Further to illustrate this, let it be supposed that a
person, desirous of conferring a "benefit upon two persons
held in about equal esteem, makes a gift of P10,000 to one
and ?9,900 to the other. In a subsequent will, in order to
equalize the gifts, the same benefactor gives a legacy of
P100 to the second donee. Under the statute, as interpreted
by the court, the first donee is not liable to any inheritance
tax, but the second is liable upon the entire amount first
given to him.
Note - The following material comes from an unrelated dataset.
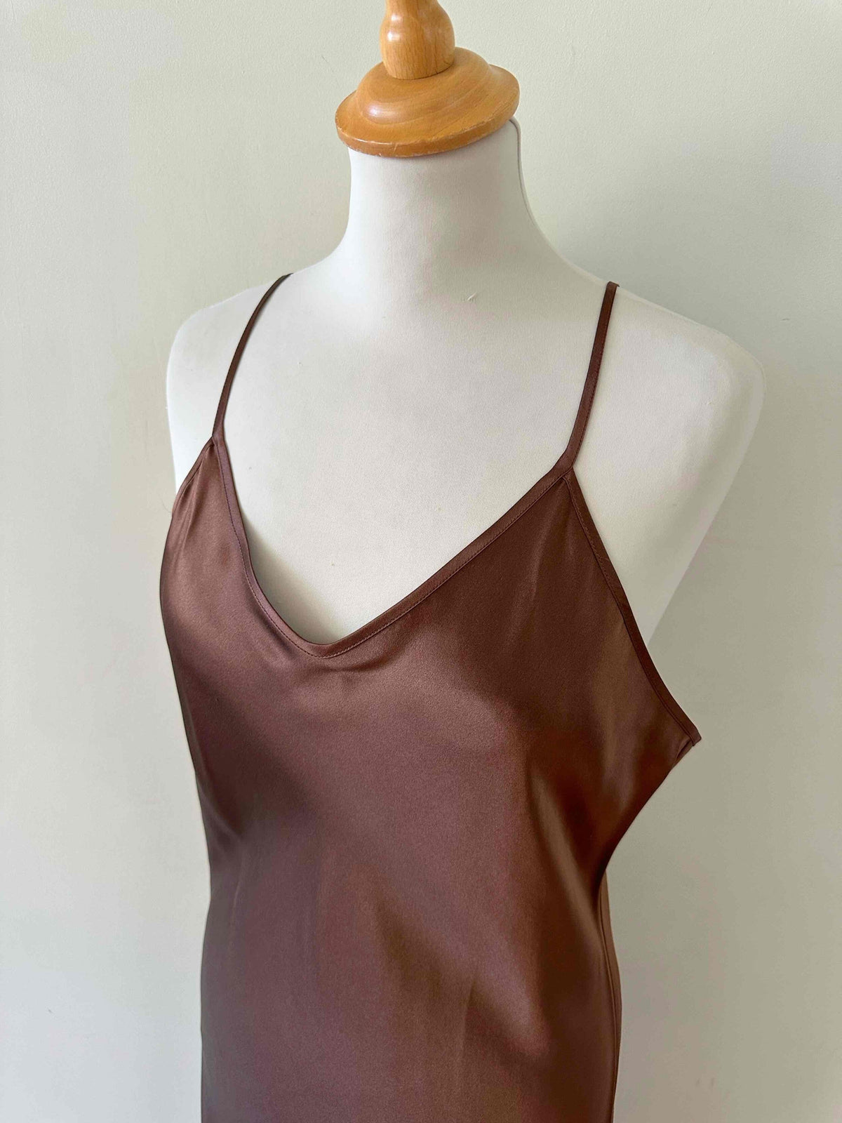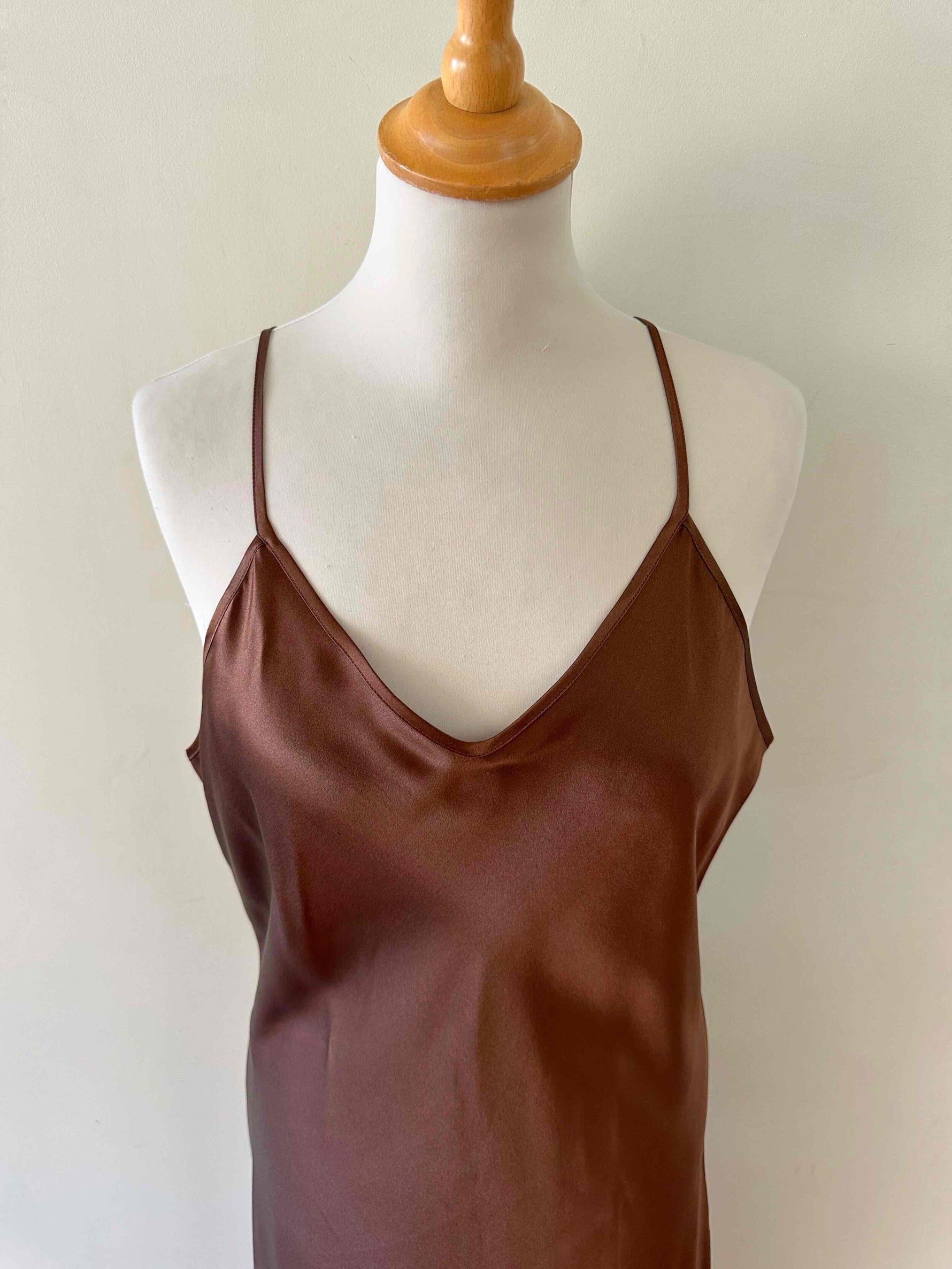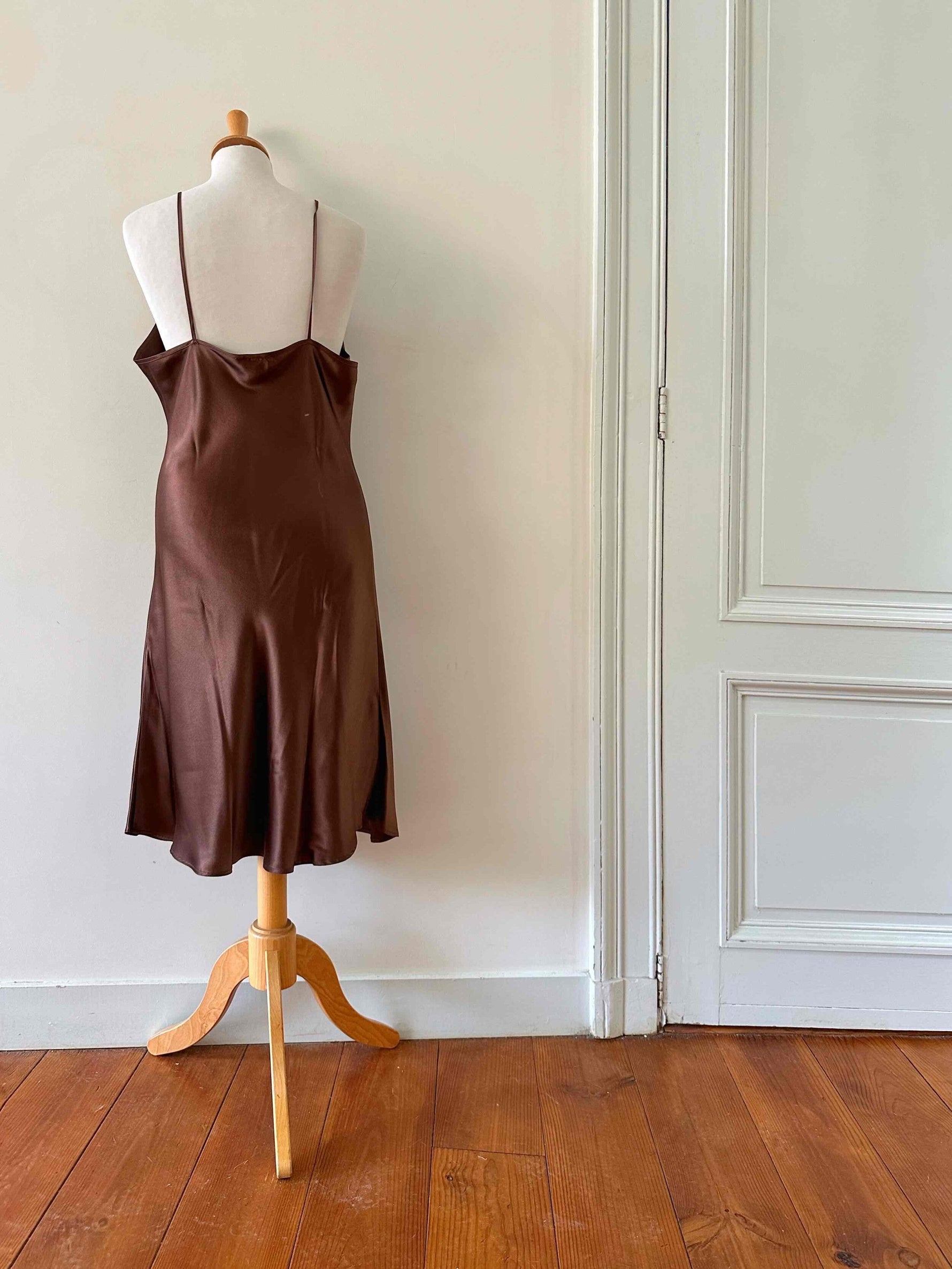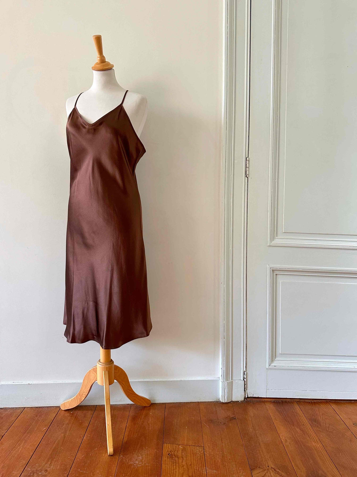 Prix unitaire parNuisette en soie, satin de soie chocolat, bretelles spaghettis, taillée en biais, fabriquée en Italie, taille 40 portée ici sur un mannequin T36, aisselles 50cm.

This shows the lack of Iogical relation
between the incidence of the tax and the fact taken as a
basis for its imposition.
It will be noted that we do not here question the
proposition that section 1540 of the Administrative Code
might lawfully operate upon a donee who at the time of
receiving the gift inter vivos belongs to the class who could
take by intestate succession, in the absence of a will, for in
this case the donation may be made in anticipation of
inheritance (sec. 1536, Adm. Code). It was for this very
reason that the undersigned sustained the position in
Zapanta vs. Posadas (52 Phil., 557), that the gifts there
made were taxable. But section 1540 of the Administrative
Code cannot, in my opinion, properly be interpreted to
extend to gifts inter vivos made to a person not in a position
to take as heir of the donor dying intestate.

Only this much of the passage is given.